▶ _What this task involves_
What should be copied is the stretch of entries below from the line with "J’ai ramené ce" up to and including the line with "文件中使用宏进行定义的,比如,KEY_1、KEY_2 等,传递给key_state 的值为按键的状态,详见表7.5。", exactly and without images.

[[ Information provided, beginning ]]

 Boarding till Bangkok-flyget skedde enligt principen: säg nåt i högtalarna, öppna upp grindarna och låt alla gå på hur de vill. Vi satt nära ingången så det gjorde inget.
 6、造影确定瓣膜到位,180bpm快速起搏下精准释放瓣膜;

[[ Information provided, end ]]
[[ Information provided, beginning ]]

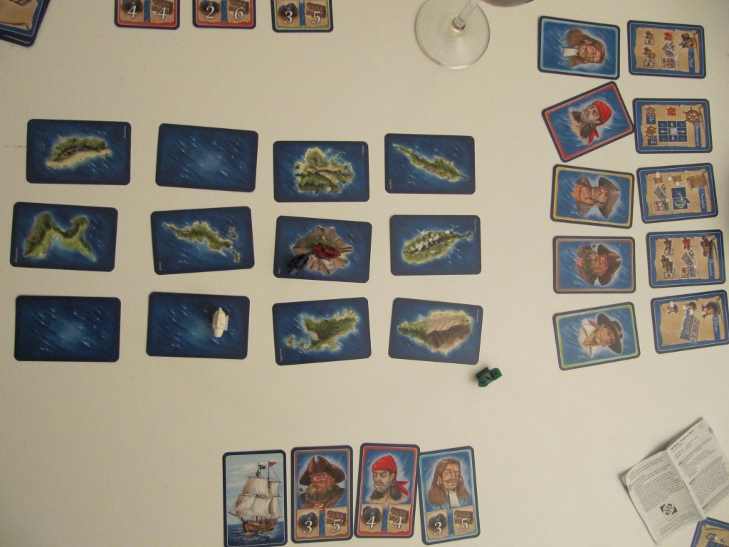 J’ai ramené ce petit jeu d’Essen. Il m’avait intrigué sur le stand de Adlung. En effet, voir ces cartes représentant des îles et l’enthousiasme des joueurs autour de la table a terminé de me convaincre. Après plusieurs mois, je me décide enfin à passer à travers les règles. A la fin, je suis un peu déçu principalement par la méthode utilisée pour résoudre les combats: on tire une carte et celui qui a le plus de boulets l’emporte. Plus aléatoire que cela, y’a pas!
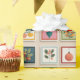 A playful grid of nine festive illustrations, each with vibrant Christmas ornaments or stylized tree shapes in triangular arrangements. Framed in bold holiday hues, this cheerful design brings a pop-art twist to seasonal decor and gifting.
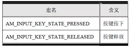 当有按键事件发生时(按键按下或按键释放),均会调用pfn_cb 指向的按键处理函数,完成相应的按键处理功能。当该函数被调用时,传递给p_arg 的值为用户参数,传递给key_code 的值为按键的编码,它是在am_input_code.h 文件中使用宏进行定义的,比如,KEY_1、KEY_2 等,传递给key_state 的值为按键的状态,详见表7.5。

[[ Information provided, end ]]

▶ _Solved problem_
 J’ai ramené ce petit jeu d’Essen. Il m’avait intrigué sur le stand de Adlung. En effet, voir ces cartes représentant des îles et l’enthousiasme des joueurs autour de la table a terminé de me convaincre. Après plusieurs mois, je me décide enfin à passer à travers les règles. A la fin, je suis un peu déçu principalement par la méthode utilisée pour résoudre les combats: on tire une carte et celui qui a le plus de boulets l’emporte. Plus aléatoire que cela, y’a pas!
 A playful grid of nine festive illustrations, each with vibrant Christmas ornaments or stylized tree shapes in triangular arrangements. Framed in bold holiday hues, this cheerful design brings a pop-art twist to seasonal decor and gifting.
 当有按键事件发生时(按键按下或按键释放),均会调用pfn_cb 指向的按键处理函数,完成相应的按键处理功能。当该函数被调用时,传递给p_arg 的值为用户参数,传递给key_code 的值为按键的编码,它是在am_input_code.h 文件中使用宏进行定义的,比如,KEY_1、KEY_2 等,传递给key_state 的值为按键的状态,详见表7.5。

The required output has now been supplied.